Liquid temperature control instruments are designed to accommodate a wide range of inks, including eco-friendly and specialty inks. This flexibility allows printers to adapt to changing market demands and expand their capabilities.
2 Consistent Color Reproduction: Temperature influences color density and hue in printing. By regulating the temperature of ink reservoirs, printers can achieve consistent color reproduction across print runs, avoiding color shifts or inconsistencies caused by temperature fluctuations. This can be achieved with benchtop refrigerated circulators as the JULABO CORIO range with cooling capacities around 350W to 500W. One example is the CORIO CD-450F.
3 Preventing Equipment Issues: Extreme temperatures can damage printing equipment and affect print quality. Liquid temperature control instruments help maintain the ideal operating temperature range for printers, extending equipment lifespan and reducing maintenance costs by reducing heat generated due to the friction between the rollers and the paper.
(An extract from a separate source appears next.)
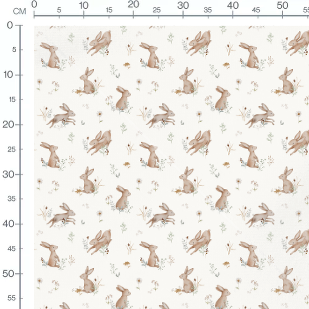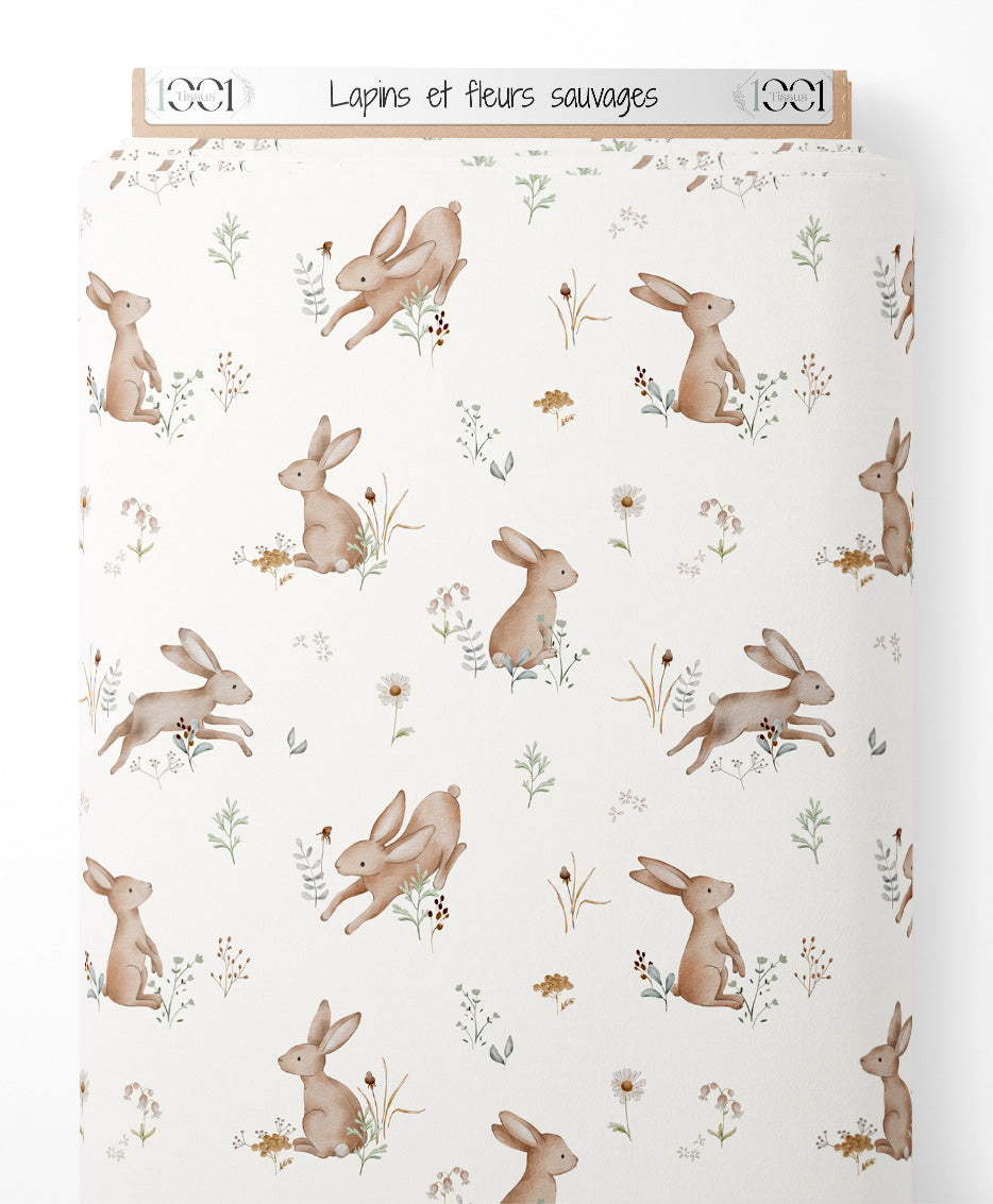 Les lapins sont assis ou en mouvement, entourés de fleurs délicates. Les fleurs incluent des marguerites et d'autres petites plantes. Les couleurs sont principalement des tons de brun, vert et blanc.Les tissus
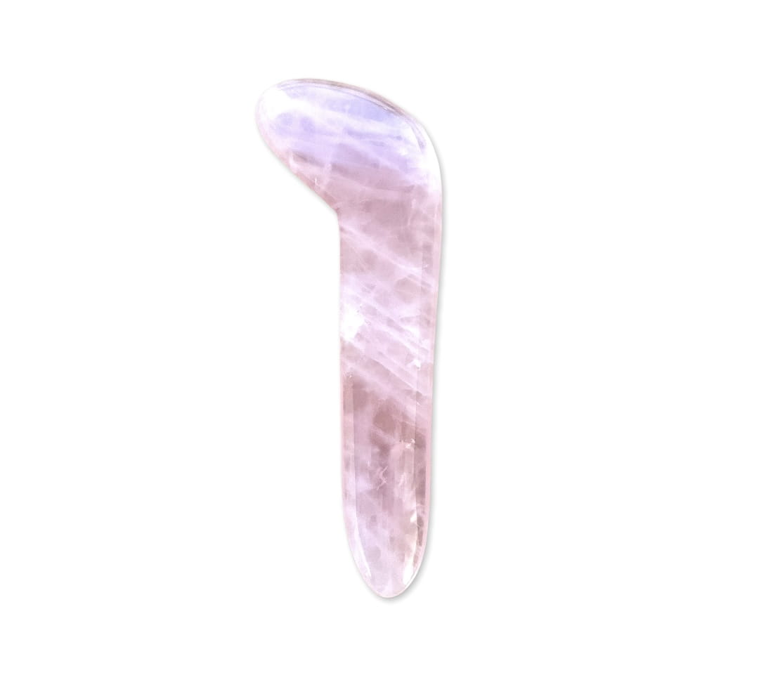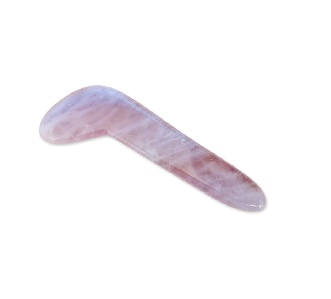 Gua Sha w kształcie litery L wykonane z różowego kamienia kwarcu. Wymiary:

4 Enhanced Print Adhesion: In some printing processes, such as digital and UV printing, proper liquid temperature control improves ink adhesion to substrates. This results in sharper images, better color saturation, and increased durability of printed materials. Moreover, the high-speed digital printing needs UV light to set the ink. This light being produced by mercury and LED lights generates high amounts of heat which must dissipated. Air- or water-cooled chillers are the equipment of choice. Again, the JULABO CORIO or DYNEO circulators are designed to achieve these results.
5 Printing Wastewater Treatment: Printing ink wastewater poses a significant environmental challenge. It typically has low pH levels, high coloration, and high organic content. Most of this organic matter is non-biodegradable, and traces of metals, glues, and pigments are often present. Treating this wastewater is crucial to protect our water supplies and prevent environmental damage.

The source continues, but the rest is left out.